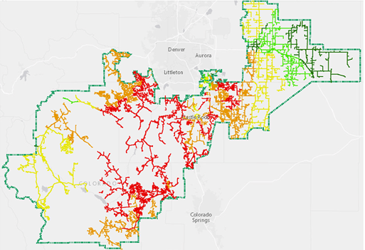 CORE combines data from the Colorado State Forest Service with the electric network data in ArcGIS. This data includes wildfire risk and burn probability. Using spatial analysis, CORE assigns risk values to electric system components and line segments. Each circuit receives a risk designation. Each line segment and device is tagged with precise information. Detailed risk data helps drive critical mitigation as well as operational decisions.
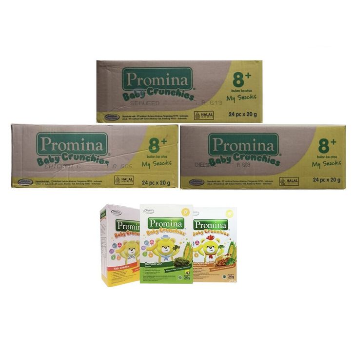 Promina Crunchies 1 Karton Isi 24 Box 20gr Cheddar Rumput laut Cemilan Makanan MPASI Bayi Istana
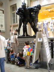Bonn独日協会ボルン会長、メン ヒェ女史などの出迎えをうけ訪問団14名は午後8時ホテルに無事到着しました。翌日はBonnのメンバーとともにライン河Rhein沿いにバスを走らせ ジーべンゲビルゲ(Siebengebirge俗称:七つ山)の山並みを、Godes bergからの眺めを楽しみ、Bonn大学,旧日本大使館など市街を一巡し、ベートーベンハウス、アルトラットハウス広場など中心街を散策。花盛りの菩提 樹の下で“Lindenbaum菩提樹”をみなで合唱したのもいい思い出です。Bonnの息子(ベートウベンBeethoven)のデフオルメ写真スポッ トでBonnの人たちと記念撮影。旧交を温めるには余りにも短い滞在でしたが両協会の固い絆を確かめ合い、あわただしく別れを告げて空路Berlinへ。
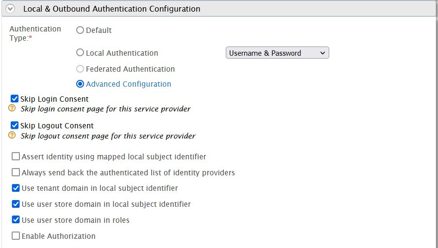 Now back to the service provider configuration page and expand Local & Outbound Authentication Configuration and click on the Advanced Configuration selectable option. This will bring you to a page where you can configure your authenticators.
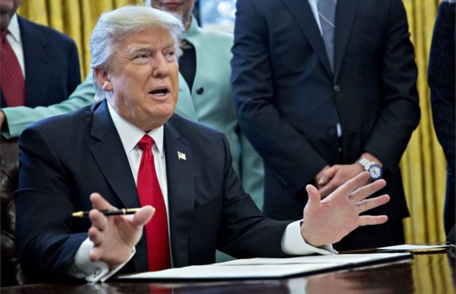 Image captionPresident Trump's order will be read as proof that the US government is anti-Muslim
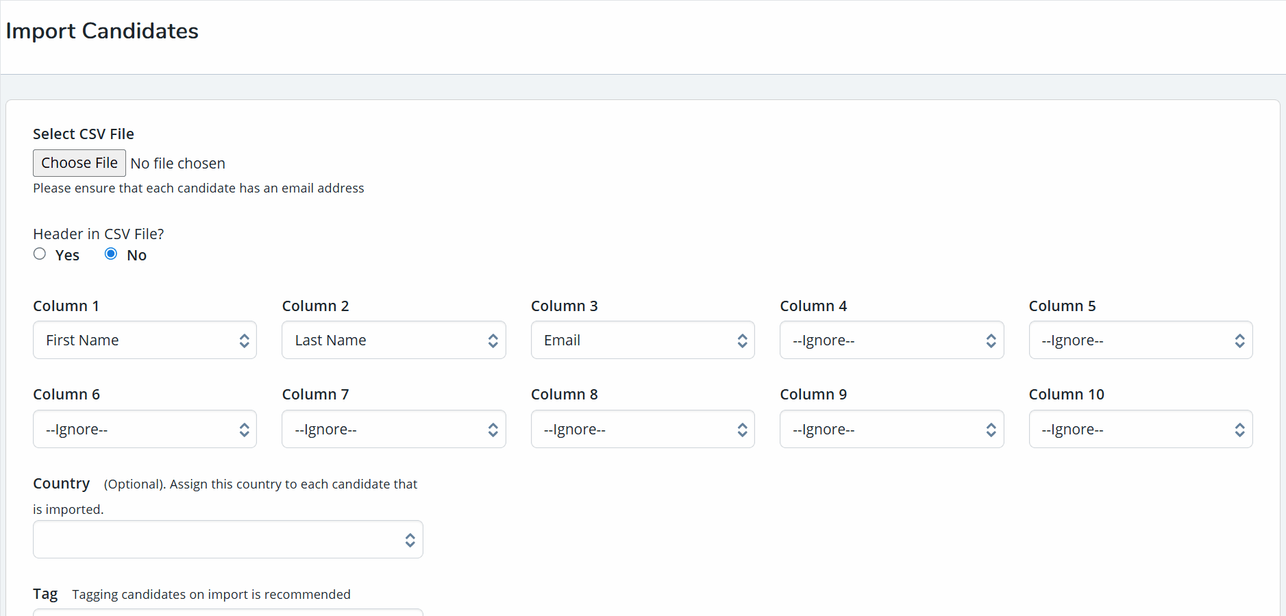- From the Country drop-down, select a country if one is required to assign to each candidate.

★ ★ ★ ★ ★ ★ ★

> [What is being asked] The records above are to be set down exactly as written, with no images.

> [Response to this exercise]
 CORE combines data from the Colorado State Forest Service with the electric network data in ArcGIS. This data includes wildfire risk and burn probability. Using spatial analysis, CORE assigns risk values to electric system components and line segments. Each circuit receives a risk designation. Each line segment and device is tagged with precise information. Detailed risk data helps drive critical mitigation as well as operational decisions.
 Promina Crunchies 1 Karton Isi 24 Box 20gr Cheddar Rumput laut Cemilan Makanan MPASI Bayi Istana
Bonn独日協会ボルン会長、メン ヒェ女史などの出迎えをうけ訪問団14名は午後8時ホテルに無事到着しました。翌日はBonnのメンバーとともにライン河Rhein沿いにバスを走らせ ジーべンゲビルゲ(Siebengebirge俗称:七つ山)の山並みを、Godes bergからの眺めを楽しみ、Bonn大学,旧日本大使館など市街を一巡し、ベートーベンハウス、アルトラットハウス広場など中心街を散策。花盛りの菩提 樹の下で“Lindenbaum菩提樹”をみなで合唱したのもいい思い出です。Bonnの息子(ベートウベンBeethoven)のデフオルメ写真スポッ トでBonnの人たちと記念撮影。旧交を温めるには余りにも短い滞在でしたが両協会の固い絆を確かめ合い、あわただしく別れを告げて空路Berlinへ。
 Now back to the service provider configuration page and expand Local & Outbound Authentication Configuration and click on the Advanced Configuration selectable option. This will bring you to a page where you can configure your authenticators.
 Image captionPresident Trump's order will be read as proof that the US government is anti-Muslim
- From the Country drop-down, select a country if one is required to assign to each candidate.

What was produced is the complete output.